Look at what this quietly resolves. The word attempt wanted frequent units to be single tokens, and BPE delivers exactly that: the and and really do become one token each, so ordinary text is as compact as word-tokenization ever promised. But unlike a word vocabulary, BPE never runs out. A word it has never seen isn’t out-of-vocabulary; it just falls back to smaller pieces, and in the worst case to raw bytes, which can spell anything. The vocabulary stays finite and closed, yet frequency now decides how many tokens a piece of text costs. The sparsity and frequency-blindness of Attempt #2 are gone: common patterns are cheap, rare ones are still representable, and run / running / runner can finally share the pieces they have in common.

The complete pipeline

Putting it all together, here is the whole journey from text to token IDs.

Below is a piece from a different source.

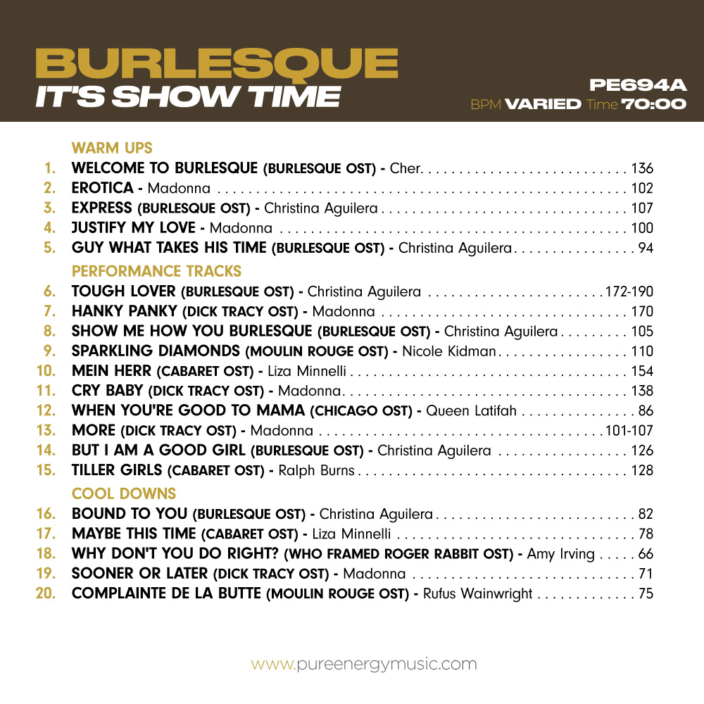 This compilation release is perfect for all things Burlesque with standalone tracks ideal for warm up, technique breakdowns and performance tracks that are a great crowd pleaser!
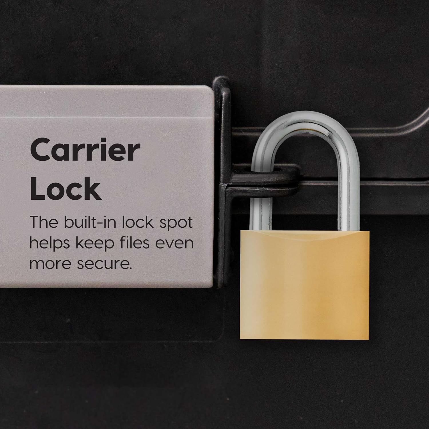 - SECURE LATCHES - The durable and secure latching lid guarantees that the contents of the file bin remain intact and safe from accidental spills or unauthorized access.

The string the cat shown as text, bytes, byte sequences, and token IDs, with each arrow labelled by its mechanism.
Tokenizer pipeline overview

You first encode the string with UTF-8 down to bytes, giving you a universal, gap-free alphabet. You compress those bytes with BPE, which fuses frequent patterns into single symbols and improves compression. You then look up each byte pattern in a vocabulary to find its token IDs, which are the integers the transformer needs.

Conclusion

We now have a good way of transforming text into sequence of integers so that we can leverage the “intelligence” of Transformers! There are still many details that I left out, including talking about training tokenizers, pretokenization, and other details that were out of scope for this blog. To learn more about this subject, I encourage you to take a look at Stanford CS 336’s Language Modeling from Scratch, which talks about all the concepts I mentioned here. If you so dare, I also encourage you to build your own transformer, which I am currently doing here.